Astronomers have recently announced that a rocky planet named GJ667Cc, outside our solar system, is potentially inhabitable. It has water, a similar surface temperature as our earth, and absorbs about as much incoming light and energy as our earth does.

Chances are that it could support some form of life. To date, it is the fourth such potentially inhabitable planet, all of them outside our solar system.


What is “habitable”? What are the criteria of habitability? In defining them, we go by what we know, and extrapolate from there.

And our Mother Earth serves as the model or guide. A planet, then, should have adequate water, energy sources, and conditions that would allow the assembly of complex organic molecules.

Stars are not habitable. The temperature and other conditions are too severe for any stable chemistry to occur. Hence planets are the more likely hosts for life. And in this, Earth is an excellent example. What all does it have?

First, it is in the right place, orbiting the sun. The latter is a relatively stable source of energy for us; no major fluctuations or flares in heat, light or other types of radiation which can roast and burn off any life forms on planet earth.

In other words, our sun is a benign star, which offers the right type of energy for us. In looking for other potentially inhabitable planets, we need to look at where they are with respect to their suns.

Planet's weight matters

Next is weight. The planet cannot be too heavy nor too light; too heavy means too far from its sun and thus less energy. Also its atmosphere will be too thick; gravity will keep it too bound to the planet, making the surface too cold. Too light a planet is not that good either — not enough (if at all) an atmosphere not only will it be too cold but it will also be vulnerable for assault by meteors and high energy radiation.

Our Earth is just the right size. Not only is it able to hold a proper shield as its atmosphere, but its internal ‘core' is also large enough to contain heavy metals, molten and providing a burning heat engine. This allows for geology to operate, providing plate tectonics, and an appropriate crust on the surface nourished by volcanic eruptions from the core. This churning has provided us on earth to have abundant amounts of crucial elements C, H, O, N, and P, and conditions suitable for life chemistry. Metals such as iron in the core make the orbiting earth a spinning magnet, protecting us from harmful cosmic radiation.

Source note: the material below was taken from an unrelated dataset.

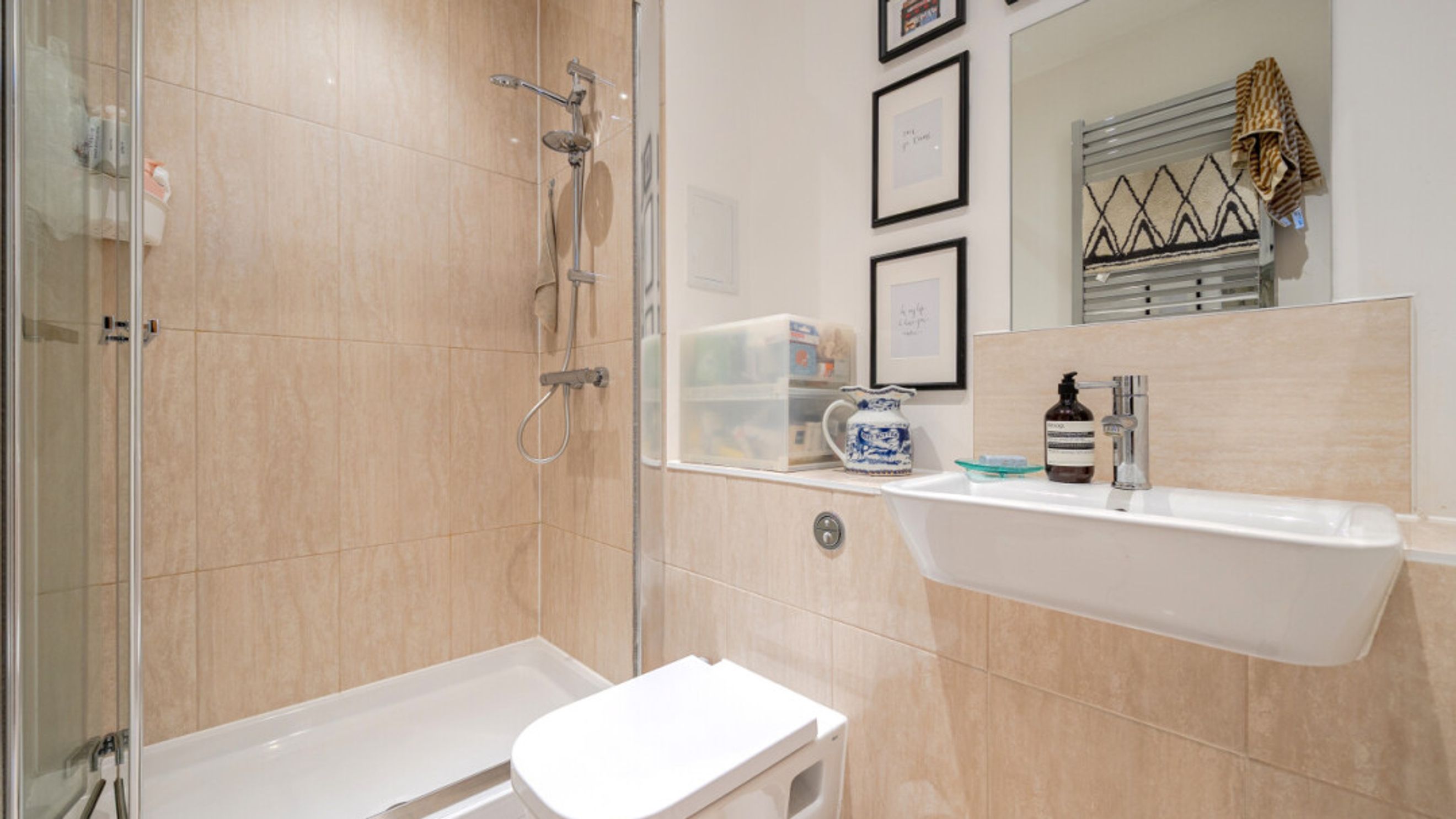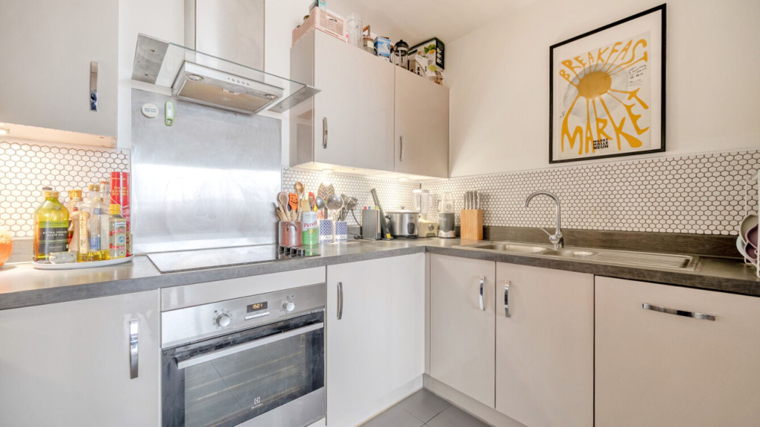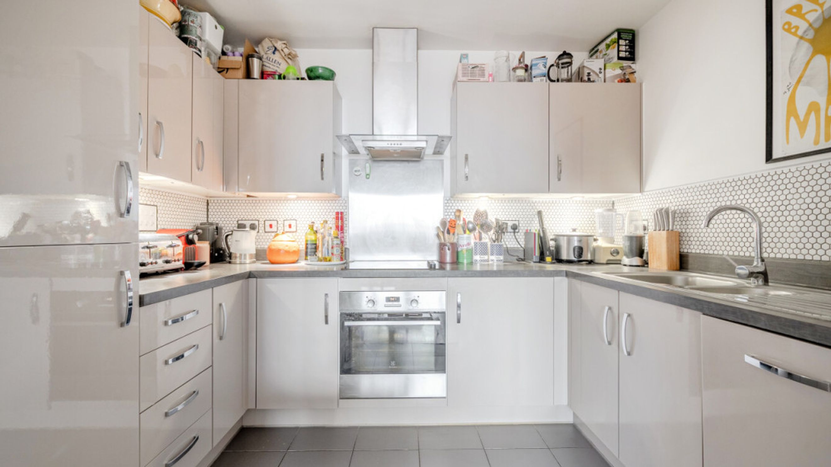 This bright and spacious west facing apartment consists of a stylish dual aspect open-plan kitchen and living area, flooded with natural light from wide floor-length windows that open onto a private balcony with rooftop views. The kitchen is fitted with high gloss units, and benefits from integrated appliances including a fridge freezer, oven, hob, extractor fan and dishwasher. There are two good sized double bedrooms, the master having built in storage and an en-suite shower room. A contemporary family bathroom bathroom comes complete with a white three-piece suite with a shower over bath and a stone tile surround.

Its size is right for orbiting the sun in a manner that we have a proper day-night cycle. Too long a cycle or too short would mean the temperature difference between day and night is either too long or too short.

And the orbit is better when it is circular and not too elliptical; if the eccentricity is too much, the day-night temperature differential could be too much to bear for the life forms on the planet. Mother earth is just a bit eccentric (just 0.02), not like many other extra-solar planets which are too eccentric to become hospitable.

Planets are spinning masses, and several of them tilt a bit around their spinning axis (just as a top does). It is this tilt that provides seasons.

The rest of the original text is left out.